## Data section
● ● ● ● ● ● ●

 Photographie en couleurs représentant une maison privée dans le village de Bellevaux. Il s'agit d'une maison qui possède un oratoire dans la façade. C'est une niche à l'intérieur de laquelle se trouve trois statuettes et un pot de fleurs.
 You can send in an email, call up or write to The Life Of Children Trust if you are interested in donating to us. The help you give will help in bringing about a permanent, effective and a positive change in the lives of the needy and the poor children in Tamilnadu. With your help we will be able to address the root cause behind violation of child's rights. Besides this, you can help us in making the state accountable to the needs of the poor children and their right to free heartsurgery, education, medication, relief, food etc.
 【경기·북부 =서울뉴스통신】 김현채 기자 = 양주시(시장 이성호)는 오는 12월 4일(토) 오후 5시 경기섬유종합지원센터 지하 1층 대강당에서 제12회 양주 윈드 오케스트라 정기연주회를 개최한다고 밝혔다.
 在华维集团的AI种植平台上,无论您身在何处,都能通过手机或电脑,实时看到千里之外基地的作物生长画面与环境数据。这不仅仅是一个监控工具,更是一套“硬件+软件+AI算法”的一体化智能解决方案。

● ● ● ● ● ● ●

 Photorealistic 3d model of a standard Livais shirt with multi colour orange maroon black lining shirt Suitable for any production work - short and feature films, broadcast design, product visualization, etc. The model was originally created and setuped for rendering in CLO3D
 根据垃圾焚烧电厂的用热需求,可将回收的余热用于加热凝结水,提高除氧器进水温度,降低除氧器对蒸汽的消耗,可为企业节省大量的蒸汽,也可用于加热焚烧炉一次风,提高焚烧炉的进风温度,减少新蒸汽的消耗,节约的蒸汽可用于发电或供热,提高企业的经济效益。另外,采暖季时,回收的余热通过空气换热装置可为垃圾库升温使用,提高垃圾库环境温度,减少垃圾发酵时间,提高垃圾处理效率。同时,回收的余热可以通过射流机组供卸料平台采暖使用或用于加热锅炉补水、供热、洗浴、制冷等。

● ● ● ● ● ● ●

## What the task asks
Of the entries listed above, reproduce only the lines starting at the line containing "Photorealistic 3d model" and ending at the line containing "根据垃圾焚烧电厂的用热需求,可将回收的余". Include both, exactly as they stand.

## Exercise result
 Photorealistic 3d model of a standard Livais shirt with multi colour orange maroon black lining shirt Suitable for any production work - short and feature films, broadcast design, product visualization, etc. The model was originally created and setuped for rendering in CLO3D
 根据垃圾焚烧电厂的用热需求,可将回收的余热用于加热凝结水,提高除氧器进水温度,降低除氧器对蒸汽的消耗,可为企业节省大量的蒸汽,也可用于加热焚烧炉一次风,提高焚烧炉的进风温度,减少新蒸汽的消耗,节约的蒸汽可用于发电或供热,提高企业的经济效益。另外,采暖季时,回收的余热通过空气换热装置可为垃圾库升温使用,提高垃圾库环境温度,减少垃圾发酵时间,提高垃圾处理效率。同时,回收的余热可以通过射流机组供卸料平台采暖使用或用于加热锅炉补水、供热、洗浴、制冷等。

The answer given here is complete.